Luigi Fulvi, nato a Galatina nel 1949, ha trascorso solo la sua prima giovinezza nel Salento, studiando presso il Liceo Artistico di Lecce. Trasferitosi a Milano, ha conseguito nel 1973 il diploma in Scultura presso l’Accademia di Belle Arti di Brera, per poi diventare titolare della cattedra di Discipline plastiche presso il Liceo Artistico Statale di Brera, cattedra tenuta fino al pensionamento avvenuto nel 2006. La sua storia è dunque quella di tanti artisti ed intellettuali salentini, che hanno dovuto emigrare per potersi pienamente realizzare; persone che hanno studiato e insegnato, creandosi una vita lontano da casa, senza tuttavia dimenticare le origini; persone che non hanno mai rescisso i legami con la propria città e, quando possono, tornano. La lavorazione della pietra ha tenuto l’artista legato alla terra, ed è qui, in questo parco artistico, che ora la sua opera si realizza, in un museo-laboratorio, che nessuno si sarebbe mai aspettato di trovare nella campagna mara della Latronica. Lo chiamo così, museo-laboratorio, perché non si tratta solo di un’esposizione, ma di un vero e proprio cantiere, in cui accanto ad opere considerate finite, vi sono le pietre che aspettano lo scalpello dell’artista sopra i loro piedistalli. Del resto, il museo-laboratorio è esso stesso, nel suo insieme, un’opera d’arte in fieri, a cui giova la posizione discretamente alta del fondo nel quale le opere son collocate, aperto verso la vallata che accoglie i comuni di Aradeo e Seclì, oltre la masseria e il corrugamento del terreno dovuto alla vecchia discarica cittadina. E gli giova anche la vegetazione che col tempo è destinata a trasformare il luogo.

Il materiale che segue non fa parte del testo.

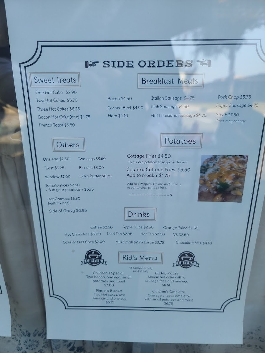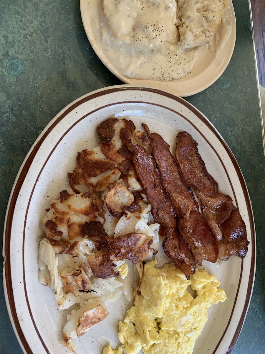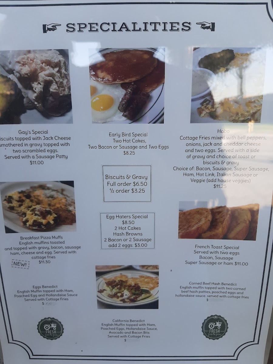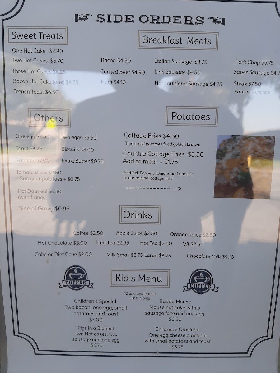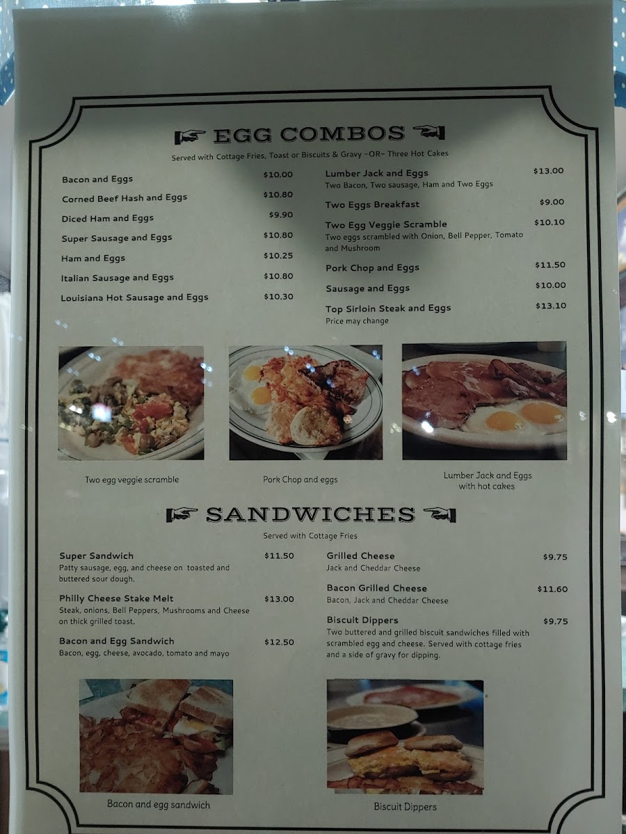 Upon entering, you're embraced by the smell of sizzling breakfast meats and freshly brewed coffee. The decor is quaint and nostalgic, instantly transporting you to a simpler time. The intimate seating, accommodating around 20 people, fosters a sense of community as regulars chat and share laughter, making every visit feel like a gathering of friends.

Mentre Luigi illustra le opere e il senso che ha voluto dare a questa sua creazione, Ornella con lo smart phone scatta le foto ed io vado pensando a come sia sacrificato il destino dell’artista salentino, che a seguito di mille disillusioni, ha dovuto creare per sé e per gli altri un luogo come questo che stiamo vistando: un luogo lontano dal centro cittadino, un parco artistico fuori mano, un rifugio appartato, misconosciuto ai più e solo di tanto in tanto visitato da pochi amici. Forse un luogo di cui la città non sa che farsene, dal momento che qui non si celebra la personalità di qualche illustre concittadino, il politico non ha il suo tornaconto e non vi sono sirene che possano attirare turisti. Pochi sanno che questo posto esista. Eppure, esiste e, a dispetto dell’indifferenza dei più, è la testimonianza migliore di come l’artista, quando davvero è tale, trovi sempre il modo per esprimere la sua opera. Qui si celebra la materia di cui sono fatti i nuclei storici delle nostre città, che oggi abbiamo lasciato in balia del puro divertimento. Per costruire le nostre case preferiamo usare altri materiali e così la memoria rischia di smarrirsi. Forse il merito di Luigi Fulvi è proprio di averci ricordato tutto questo.
Ci congediamo da lui, grati per la bella mattinata passata insieme. Il sole è già alto e bisogna tornare a casa.